THE PROBLEM: Everything in the listing below from the line containing "Montre Casio Collection" through the line containing "اپنے پسندیدہ ریستوراں" must be repeated exactly; the remaining lines are not wanted.

MATERIAL PROVIDED:
* * * * * * *
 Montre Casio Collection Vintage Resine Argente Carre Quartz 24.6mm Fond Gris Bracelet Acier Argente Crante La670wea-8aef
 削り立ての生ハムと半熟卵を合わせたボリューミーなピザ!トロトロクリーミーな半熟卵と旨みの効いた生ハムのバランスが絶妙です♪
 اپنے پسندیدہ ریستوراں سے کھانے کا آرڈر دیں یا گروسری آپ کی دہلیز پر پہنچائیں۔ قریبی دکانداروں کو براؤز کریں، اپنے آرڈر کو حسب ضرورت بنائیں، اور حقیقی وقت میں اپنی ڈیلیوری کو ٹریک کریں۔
* * * * * * *
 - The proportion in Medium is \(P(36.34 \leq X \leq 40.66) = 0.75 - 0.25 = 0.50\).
* * * * * * *
SOLUTION:
 Montre Casio Collection Vintage Resine Argente Carre Quartz 24.6mm Fond Gris Bracelet Acier Argente Crante La670wea-8aef
 削り立ての生ハムと半熟卵を合わせたボリューミーなピザ!トロトロクリーミーな半熟卵と旨みの効いた生ハムのバランスが絶妙です♪
 اپنے پسندیدہ ریستوراں سے کھانے کا آرڈر دیں یا گروسری آپ کی دہلیز پر پہنچائیں۔ قریبی دکانداروں کو براؤز کریں، اپنے آرڈر کو حسب ضرورت بنائیں، اور حقیقی وقت میں اپنی ڈیلیوری کو ٹریک کریں۔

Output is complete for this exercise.